Data plane vs control plane version skew
It is usually safe to run Linkerd’s control plane with the data plane from one major version earlier. (This skew is a natural consequence of upgrading.) This is independent of minor version, i.e. a 2.x.y data plane and a 2.x + 1.z control plane will work regardless of y and z.
Please check the version-specific upgrade notes before proceeding.
Note that new features introduced by the release may not be available for workloads with older data planes.
Overall upgrade process
There are four components that need to be upgraded:
These steps should be performed in sequence.
Before upgrading
Before you commence an upgrade, you should ensure that the current state
of Linkerd is healthy, e.g. by using linkerd check
. For major version
upgrades, you should also ensure that your data plane is up-to-date, e.g.
with linkerd check --proxy
, to avoid unintentional version skew.
Upgrading the CLI
The CLI can be used to validate whether Linkerd was installed correctly.
To upgrade the CLI, run:
curl --proto '=https' --tlsv1.2 -sSfL https://run.linkerd.io/install | sh
Alternatively, you can download the CLI directly via the Linkerd releases page.
Verify the CLI is installed and running the expected version with:
linkerd version --client
Upgrading the control plane
With the Linkerd CLI
For users who have installed Linkerd via the CLI, the linkerd upgrade
command
will upgrade the control plane. This command ensures that all of the control
plane’s existing configuration and TLS secrets are retained. Notice that we use
the --prune
flag to remove any Linkerd resources from the previous version
which no longer exist in the new version.
linkerd upgrade | kubectl apply --prune -l linkerd.io/control-plane-ns=linkerd -f -
Next, run this command again with some --prune-whitelist
flags added. This is
necessary to make sure that certain cluster-scoped resources are correctly
pruned.
linkerd upgrade | kubectl apply --prune -l linkerd.io/control-plane-ns=linkerd \
--prune-whitelist=rbac.authorization.k8s.io/v1/clusterrole \
--prune-whitelist=rbac.authorization.k8s.io/v1/clusterrolebinding \
--prune-whitelist=apiregistration.k8s.io/v1/apiservice -f -
With Helm
For Helm control plane installations, please follow the instructions at Helm upgrade procedure.
Verifying the control plane upgrade
Once the upgrade process completes, check to make sure everything is healthy by running:
linkerd check
This will run through a set of checks against your control plane and make sure that it is operating correctly.
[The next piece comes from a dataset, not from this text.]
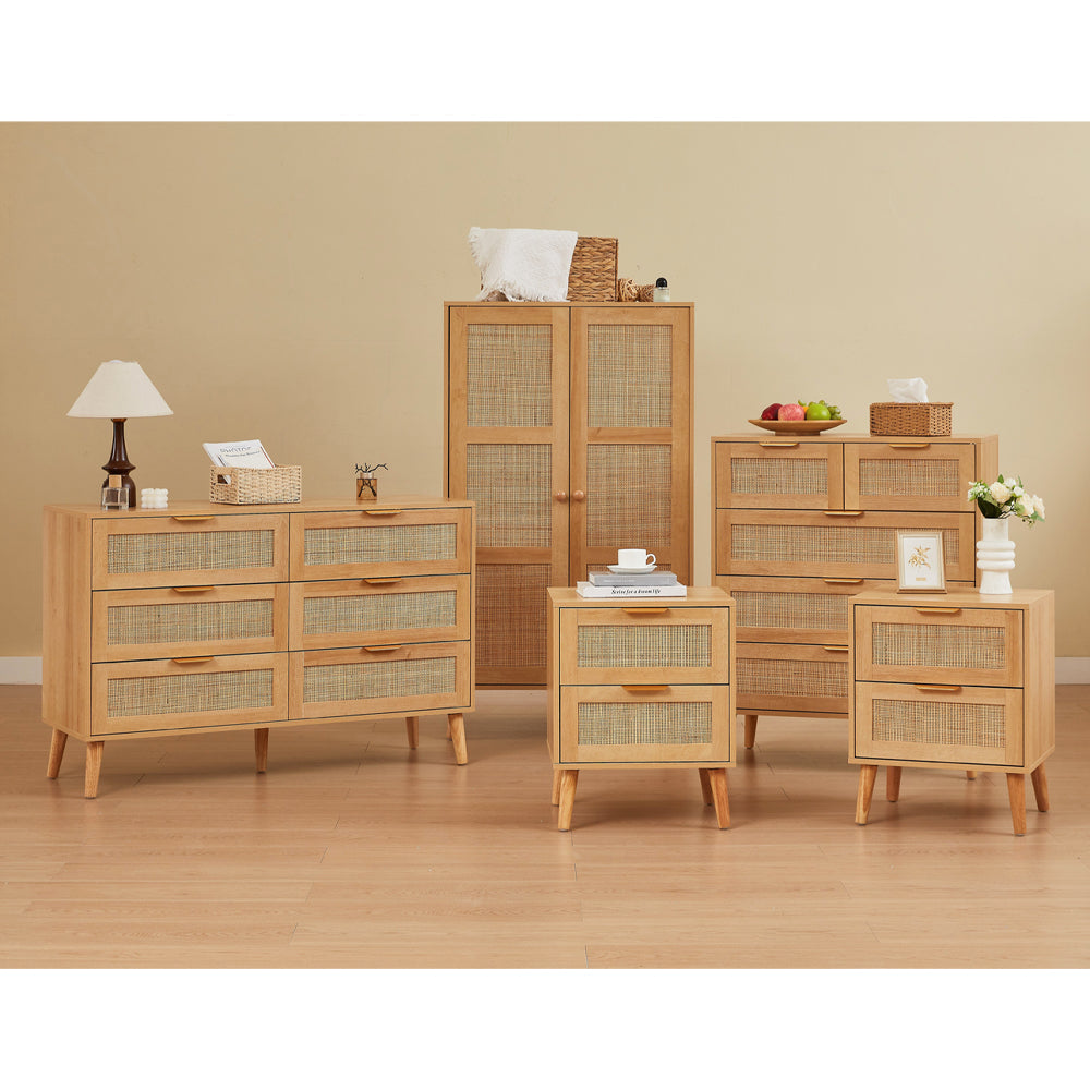 Boho 5‑Piece Rattan Bedroom Wardrobe Set with Chests and Bedside Cabinets

To verify the Linkerd control plane version, run:
linkerd version
Which should display the latest versions for both client and server.
Upgrading extensions
Linkerd’s extensions provide additional functionality to Linkerd in a modular way. Generally speaking, extensions are versioned separately from Linkerd releases and follow their own schedule; however, some extensions are updated alongside Linkerd releases and you may wish to update them as part of the same process.
Each extension can be upgraded independently. If using Helm, the procedure is
similar to the control plane upgrade, using the respective charts. For the CLI,
the extension CLI commands don’t provide upgrade
subcommands, but using
install
again is fine. For example:
linkerd viz install | kubectl apply -f -
linkerd multicluster install | kubectl apply -f -
linkerd jaeger install | kubectl apply -f -
Upgrading the data plane
Upgrading the data plane requires updating the proxy added to each meshed workload. Since pods are immutable in Kubernetes, Linkerd is unable to simply update the proxies in place. Thus, the standard option is to restart each workload, allowing the proxy injector to inject the latest version of the proxy as they come up.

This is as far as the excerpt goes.